I clean us both, for her sake only; I want to be covered in her blood and cum forever. I restore the heating pad, even though she might not need it anymore, give her water and more ice cream.

“What about underwear and maybe real food?” she asks.

“Food I can do. Anything you want, I’ll make. I’m an excellent cook. But underwear? I can’t, darling. Please understand. This beauty is too precious to hide. You don’t know how—”

“What if I tell you more about Mason and who Shane really was?”

She’s opening up, and I can’t turn her down. It’s finally happening. My butterfly has learned to surrender to the hands of her protector. She’s just given me her body, and now, she’s giving me her truth. “You got it, darling. Anything for my queen. Tell me. Who Shane really was?”

“You firmly believe that Shane wasn’t my husband. If that’s true, if we never got married, then there’s only one way to explain how we both have the same last name, genius.”

CHAPTER 35

Reagan

The courtroom is smaller than I expected. Quieter. Due to the nature of the case, the judge ordered the trial closed. No reporters. No spectators. Just the essential parties: the judge, the jury, the lawyers, a court stenographer, and the handful of people directly involved.
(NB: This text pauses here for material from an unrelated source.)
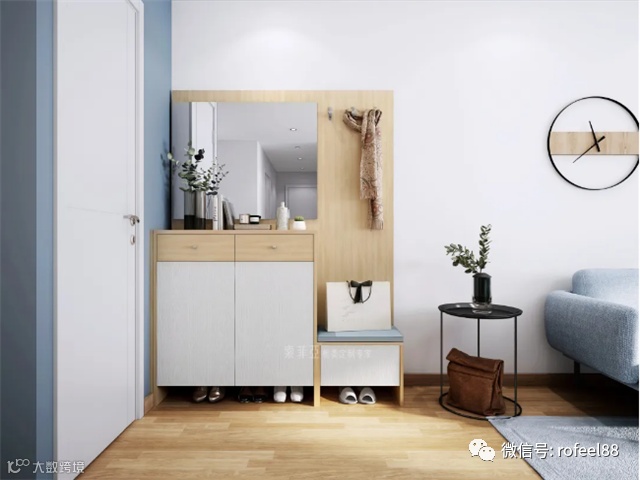 一进门靠墙做了一个收纳鞋柜,上下分段设计,满足全家人鞋子的收纳需求。鞋柜功能十分完备,收纳展示、挂衣储物面面俱到,挂衣区、装饰镜、换鞋凳一应俱全。

At the defense table is Shane.

He sits in a suit that doesn’t fit him right. His lawyer whispers something in his ear, but Shane isn’t listening. He’s staring at me. Those blue eyes that have done nothing but lie now burn with something that looks a lot like betrayal.

I look away.

Mason takes the stand first. He’s wearing a button-down shirt and khakis. Slicked-back hair. He looks uncomfortable as the prosecutor, a sharp-faced woman named Margaret Floyd, stands before him.

“Mr. Bloom, how do you know the defendant?”

“Blue, I mean, Shane, is my neighbor. We grew up together. Joined the same MC.”

“And you were expelled from that MC about eighteen months ago, correct?”

“Yes, ma’am.”

“Can you tell the court why?”

“Objection,” Shane’s lawyer, Gonzales, says. “Relevance.”

“Overruled,” the judge says. “You may answer the question, Mr. Bloom.”

Mason’s jaw tightens. “Shane accused me of having sex with Reagan. He planted photos on my phone to make it look real. Reagan tried to tell the truth, that nothing ever happened between us, but Shane convinced the club she was just scared of me, that I’d threatened her. The club believed him and kicked me out.”